TASK DETAILS – Leaving the pictures out, print the lines from the first line of the listing through the line containing "- Stiff Blue", exactly as they read, and no others.

*****

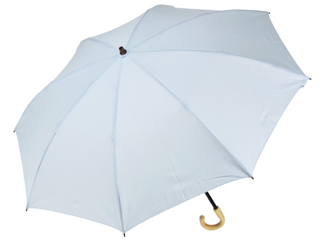 綿麻混 無地 エゴの木小曲手元の晴雨兼用折りたたみ傘(サックスブルー) 日傘 雨傘 かさ工房ワカオ 日本製 Tokyo Made WAKAO レディース 女 UVカット
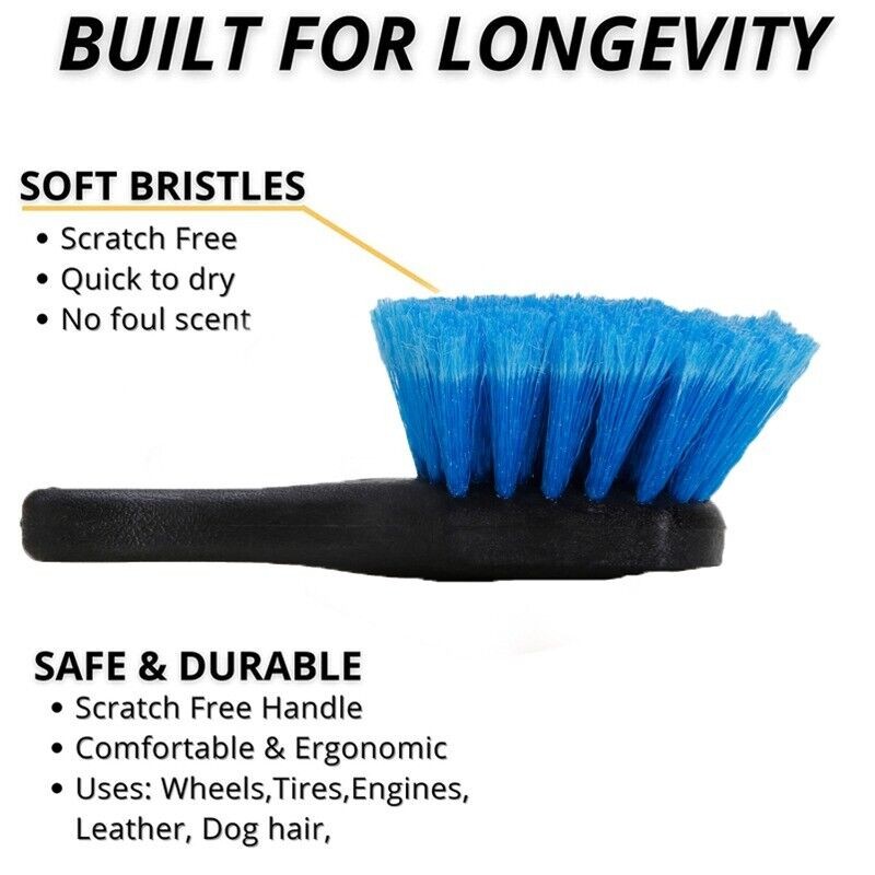 - Stiff Blue Bristles: Effectively brush away brake dirt, mud, and grime from tires, ensuring a deep clean.
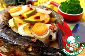 По-истине осеннее блюдо! Ведь не секрет для рыбаков, что осенью начинается "самый клев" на жирных щук! Предлагаю вам приготовить это вкусное и красивое блюдо из свежей щуки, сезонных овощей с добавлением манго, который придает пикантный кисло-сладкий вкус и рыбке и овощам и соку! Рекомендую!
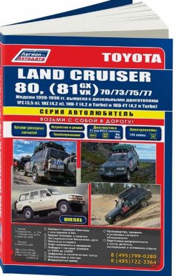 Пособие по ремонту Тойота Ленд Крузер 80, книга по эксплуатации, руководство по техническому обслуживанию автомобилей Toyota Land Cruiser 80, (81 GX / VX), а также серий 70 / 73 / 75 / 77 1990-1998 гг. выпуска, с левосторонним и правосторонним рулевым управлением, оборудованных дизельными двигателями 1PZ (3,5 л.), 1HZ (4,2 л.), 1HD-T (4,2 л. с турбонаддувом) и 1HD-FT (4,2 л. с турбонаддувом, 24 клапана).  Ремонт Тойота Ленд Крузер 80. Каталог расходных запчастей. Устройство Тойота Лендкрузер 80. Рекомендации по техобслуживанию. Диагностика. Схемы электрических соединений.
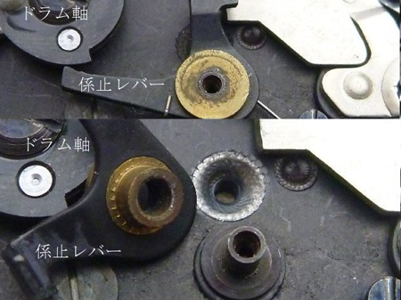 この係止レバーが働かないと巻き上げた時にドラム軸が係止されずシャター幕が戻ってしまいます。ですから「おかしい!おかしい!」と何度も巻き上げたのでしょう。
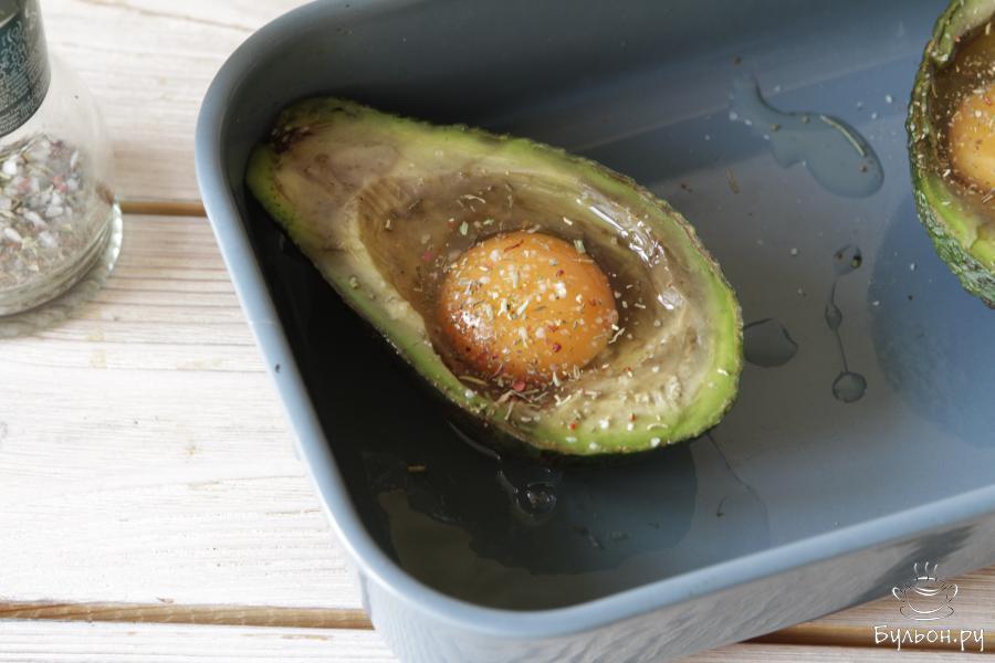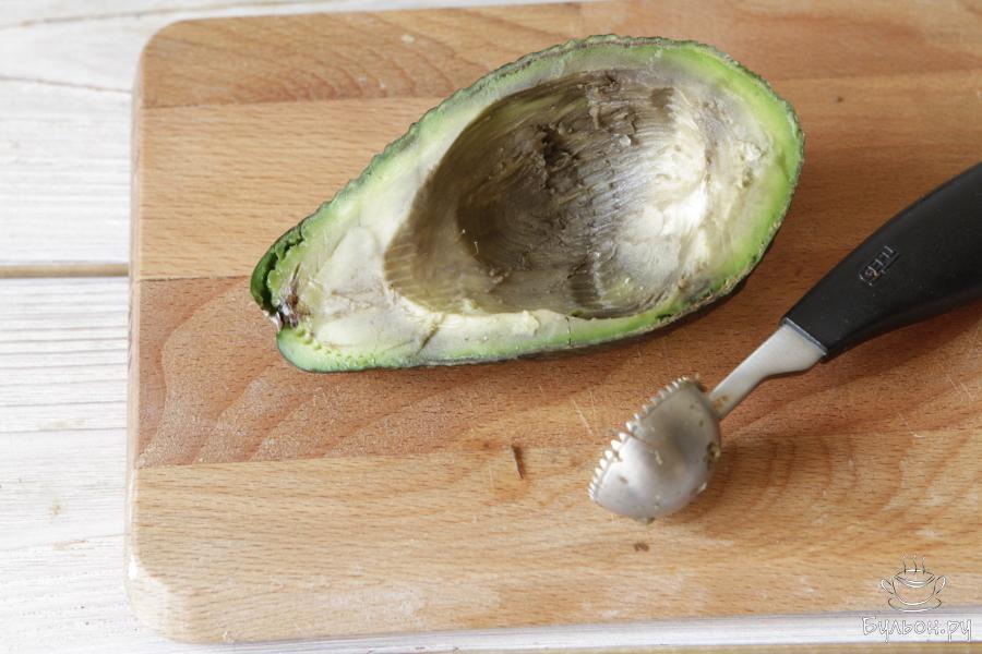 1. Авокадо аккуратно разрезать пополам и извлечь косточку. Авокадо продукт быстро портящийся, самое главное чтобы он не был сильно мягким. Не пугайтесь небольшого потемнения, страшного в этом ничего нет, для салата я бы не стала рекомендовать его, а вот для запекания самый раз.
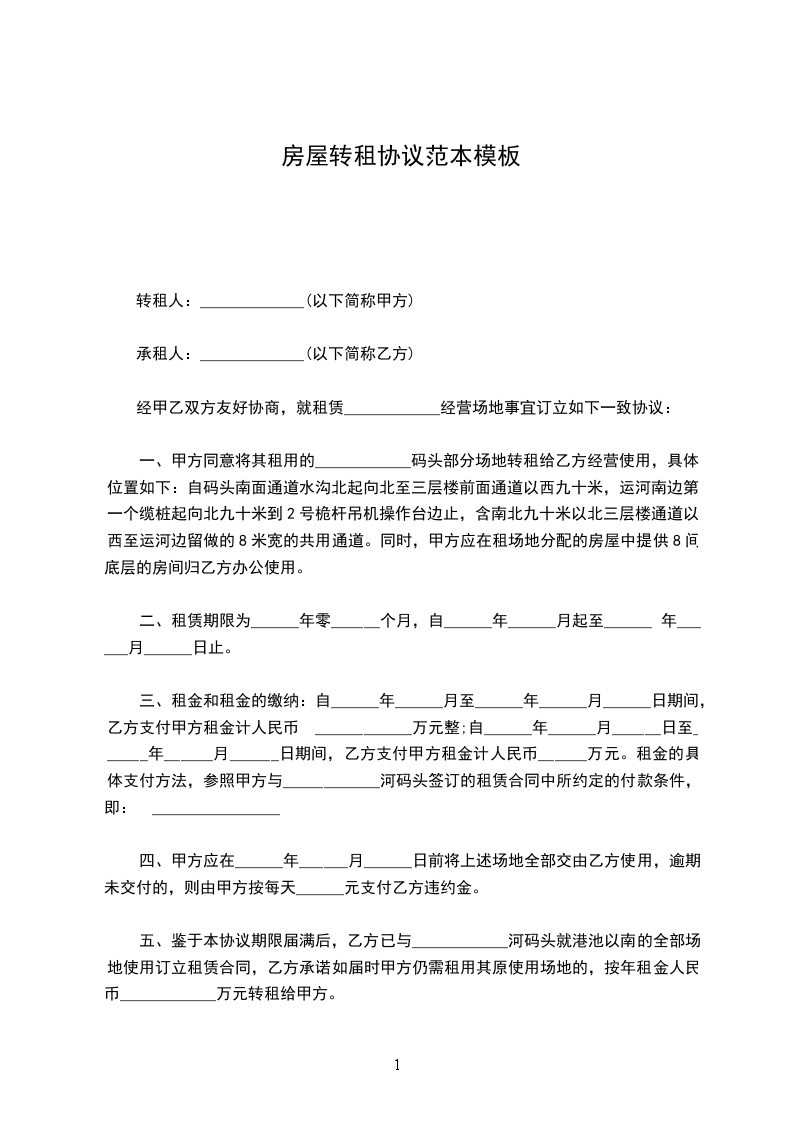 五、鉴于本协议期限届满后,乙方已与____________河码头就港池以南的全部场地使用订立租赁合同,乙方承诺如届时甲方仍需租用其原使用场地的,按年租金人民币____________万元转租给甲方。

*****

EXERCISE RESPONSE –
 綿麻混 無地 エゴの木小曲手元の晴雨兼用折りたたみ傘(サックスブルー) 日傘 雨傘 かさ工房ワカオ 日本製 Tokyo Made WAKAO レディース 女 UVカット
 - Stiff Blue Bristles: Effectively brush away brake dirt, mud, and grime from tires, ensuring a deep clean.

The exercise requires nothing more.